- -
- 100%
- +
«Хорошо, – глухо произнес он, не оборачиваясь. – Говори с ней. Но я… я все равно с ним поговорю. Когда решу, что время пришло. И скажу ему все, что думаю. Чтобы знал».
Он не видел, как Елена Викторовна закрыла глаза, чувствуя, что отсрочка – это не победа. Буря не миновала, она лишь затихла на время. И когда Игорь Николаевич «решит, что время пришло», грянет гром. Она молилась только о том, чтобы к тому времени они поняли правду. И чтобы эта правда не сломала их дочь окончательно.
Глава 8: Встреча с отцом: Кабинет как арена
Кабинет физики после уроков был тих и пуст. Солнечные лучи, пробивавшиеся сквозь пыльные шторы, выхватывали из полумрака ряды парт и стеклянные шкафы с приборами. Алексей Сергеевич собирал журналы, механически проверяя оценки, стараясь заглушить гул тревоги, не покидавший его с разговора с директором. Каждый стук в дверь заставлял его вздрагивать. Он ждал этого визита, как приговора.
И он пришел
Стук был не просящим, а требовательным, властным. Три резких удара, от которых задрожали стекла в дверце шкафа. Алексей Сергеевич обернулся, чувствуя, как сердце резко, болезненно сжалось, а потом забилось с бешеной частотой, отдаваясь в висках. «Он…»
– Войдите, – голос прозвучал хрипло.
Дверь распахнулась. На пороге стоял Игорь Николаевич Марков.

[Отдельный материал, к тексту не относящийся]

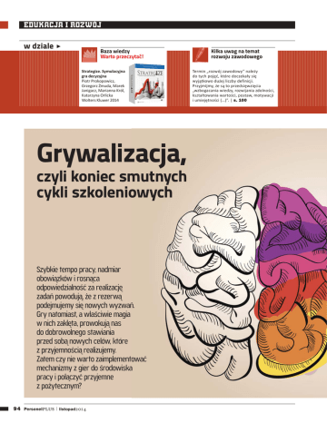 EDUKACJA I ROZWÓJ w dziale ► Baza wiedzy Warto przeczytać! Strategize. Symulacyjna gra decyzyjna Piotr Prokopowicz, Grzegorz Żmuda, Marek Janigacz, Marianna Król, Katarzyna Orlicka Wolters Kluwer 2014 Grywalizacja, czyli koniec smutnych cykli szkoleniowych Szybkie tempo pracy, nadmiar obowiązków i rosnąca odpowiedzialność za realizację zadań powodują, że z rezerwą podejmujemy się nowych wyzwań. Gry natomiast, a właściwie magia w nich zaklęta, prowokują nas do dobrowolnego stawiania przed sobą nowych celów, które z przyjemnością realizujemy. Zatem czy nie warto zaimplementować mechanizmy z gier do środowiska pracy i połączyć przyjemne z pożytecznym? 94 Personelplus | listopad2014 Kilka uwag na temat rozwoju zawodowego Termin „rozwój zawodowy” należy do tych pojęć, które doczekały się wyjątkowo dużej liczby definicji. Przyjmijmy, że są to przedsięwzięcia „wzbogacania wiedzy, rozwijania zdolności, kształtowania wartości, postaw, motywacji i umiejętności (…)”. | s. 100 Obok bardzo miłej i czasem kolorowej nakładki, jaką jest fabuła, grywalizacja daje możliwość kontroli procesu uczenia. Dzięki platformom on-line, na których zwykle umieszczamy grywalizację, możemy uzyskać poziom wglądu w szczegółowe zachowania użytkowników na nieosiągalnym w innych projektach rozwojowych poziomie. Arkadiusz Siechowicz, Daniel Pazura, czytaj w tekście poniżej. Arkadiusz Siechowicz, Daniel Pazura K Kluczem do sprawności organizacyjnej jest wzrost kompetencji pracowników. Nieustannie poszukujemy rozwiązań w zakresie zwiększenia efektywności szkoleń i innych działań rozwojowych. Choć na rynku polskim widać znaczną poprawę w profesjonalizacji szkoleń, nadal wiele projektów rozwojowych nie spełnia kryteriów udanej inwestycji. Ponadto in lacja zdobytej wiedzy przebiega ekspresowo. Sytuacja stale wymaga od nas przypominania i utrwalania zdobytych umiejętności, co rodzi kolejne powtarzalne koszty. Co więcej, tradycyjna forma szkoleniowa wymaga ośmiogodzinnego uczestnictwa, gdzie wiedza jest przekazywana w sposób statyczny, stacjonarny – czyli mało atrakcyjny dla uczestnika. Dobry program grywalizacyjny zaczyna się od początku Planując proces rozwojowy, warto nie tylko zadbać o zakres merytoryczny, lecz również zwrócić uwagę na pomysł i formę budowania zaangażowania pracownika. Gry poprzez swoje mechanizmy oraz kulturę zabawy pozwalają wypracować nawyki i zmienić nasze postawy. Dzięki rzetelnej analizie można odkryć preferencje uczestników i opracować najlepszy sposób uczenia się. Warto zacząć wdrażać grywalizację już na samym początku przygody – koniecznie w fazie badania potrzeb. Takie podejście pozwala zaadaptować się pracownikom znacznie szybciej do nowej, innowacyjnej formy rozwoju osobistego i dzięki temu otworzyć się na nowe doznania. Nie mówiąc już o tym, że wzbudzimy ich ciekawość i zainteresowanie przed wydarzeniem. Grywalizacja wspiera motywację i daje poczucie kontroli nad własnym procesem kształcenia. Wykorzystanie platformy informatycznej listopad2014 | Personelplus 95 EDUKACJA I ROZWÓJ Nowoczesne formy rozwoju Marlena Wieteska dyrektor ds. rozwoju biznesu w Gamfi. Posiada doświadczenie w bankowości, również na stanowiskach menedżerskich. Obecnie rozwija rozwiązania zwiększające zaangażowanie klienta wewnętrznego i zewnętrznego, wykorzystując grywalizację. Wdrażając grywalizację w organizacji, warto zastosować się do paru prostych, ale zwiększających szansę sukcesu, zasad. Przede wszystkim należy dobrze zdefiniować cele biznesowe, od których zależy odpowiedni dobór narzędzi, rodzaj zadań czy nagród. Istotne jest również dogłębne poznanie grupy, dla której projektujemy grywalizację. Nie chodzi tylko o demografię, ale również o nawyki i motywację. Zmiana nawyków jest procesem wymagającym bardzo jasnego określenia, z jakim zachowaniem mamy do czynienia, w jaki sposób chcemy je zmienić, aby osiągnąć określony cel i w jaki sposób będziemy za to nagradzać, zgodnie z pętlą nawyku Charlesa Duhigga*. Grywalizacja w cudowny sposób wzmacnia właściwe zachowania. Dla przykładu: oczekując samodoskonalenia wśród pracowników, planujemy zadania czy nagrody w taki sposób, aby zachęcać do korzystania z narzędzia przez 15 minut każdego dnia. Znajomość motywacji grupy odbiorców daje nam również możliwość odpowiedniego doboru nagród. Dla jednych cenna może być nagroda rzeczowa, dla innych – ekstremalne doznania, a jeszcze innych ucieszy prestiż. Pamiętajmy jeszcze o całym szeregu motywacji nierzeczowych (trofea, rankingi), które również powinniśmy dostosować do organizacji. Po wdrożeniu warto pozostać czujnym – testować, mierzyć, wnioskować i wprowadzać zmiany. Grywalizacja nie jest narzędziem, które robi się raz i już – raczej ciągle dostosowuje się do wymogów organizacji.■ * Ch. Duhigg, Siła Nawyku, Warszawa 2013. pozwala uczyć się w dogodnym dla nas miejscu i czasie. Użytkownik posiada kontrolę nad tempem nauki i swobodnie nawiguje podczas całego procesu. Ponadto zasady są znane: realizujesz zadanie – zdobywasz punkty – awansujesz na wyższe poziomy – masz jasny obraz i satysfakcję z rozwoju. Sylwetka uczestnika Na co dzień spotykamy się z małą aktywnością i niskim poziomem zaangażowania pracowników we własny rozwój i korzystania z dostępnych możliwości w tym obszarze. Choć wiedza jest na wyciągnięcie ręki, wydaje się to przysparzać więcej problemów niż korzyści. Rosnące tempo pracy wymaga od nas selekcji informacji i porcjowania jej w przystępnych dawkach. Metabolizm informacyjny wspomaga grywalizacja. Bogaty zasób wiedzy pozwala dzielić na porcje i wykorzystywać tylko te, które są potrzebne użytkownikowi na danym etapie rozwoju. Grywalizacja wpływa jednocześnie na poziom 96 Personelplus | listopad2014 reaktywności pracow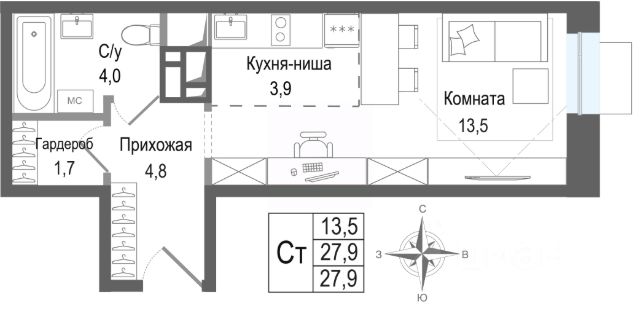 Рассрочка 0% от застройщика с ПВ от 30% на период строительства. Жилой "КИНОКВАРТАЛ" находится в тихом зеленом районе города, на берегу реки Клязьмы. Невысокая этажность, секции от 4 до 8 этажей, все оснащены лифтом. Авторская архитектура, безбарьерная среда, функциональные планировки классического и евро-формата с "французскими балконами", есть уникальные форматы — квартиры в 2-х уровнях. В ряде квартир потолки выше 3-х метров и панорамные окна. Каждый может выбрать что-то своё — жизнь с видом на реку или на красивый закрытый двор "без машин". Жилой "КИНОНВАРТАЛ" — это квартал у воды с благоустроенной набережной, прогулочными пешеходными и вело-дорожками, зонами отдыха и смотровыми площадками. Помимо существующей инфраструктуры окружения, в самом ЖК будут функционировать различные социальные и коммерческие объекты: детский сад на 120 мест с собственной территорией и зонированием под игровые и спортивные занятия детей; кабинет врача общей практики; физкультурно-оздоровительный комплекс; различные торговые помещения и предприятия услуг. В 15 минутах пешком от ЖК строится большая новая муниципальная школа (ввод в 2025 году). Жилой комплекс граничит с территорией реконструируемого санатория с бассейном, SPA и лечебными услугами. Рядом с ЖК "Киноквартал" расположены остановки общественного транспорта, 2 ж/д станции (от 15 минут), также на 2028 году запланировано открытие МЦД-5 "Болшево". Продам квартиру-студию в новостройке в микрорайоне Первомайский в городе Королев.

Высокий, плотно сбитый, в добротном, но слегка поношенном пиджаке. Его лицо было каменным, только в уголках губ играла нервная дрожь, а в глазах горел холодный, стальной огонь. Он вошел не как посетитель, а как завоеватель, занявший враждебную территорию. Его взгляд скользнул по кабинету с откровенным презрением и тут же намертво вцепился в Алексея Сергеевича.
Алексей Сергеевич сделал шаг навстречу, инстинктивно выпрямив спину, стараясь сохранить учительское достоинство. «Спокойствие. Только спокойствие», – молился он про себя, чувствуя, как ладони становятся ледяными и влажными.
– Здравствуйте, Игорь Николаевич, – начал он, стараясь вложить в голос нейтральную приветливость. – Чем могу быть полезен?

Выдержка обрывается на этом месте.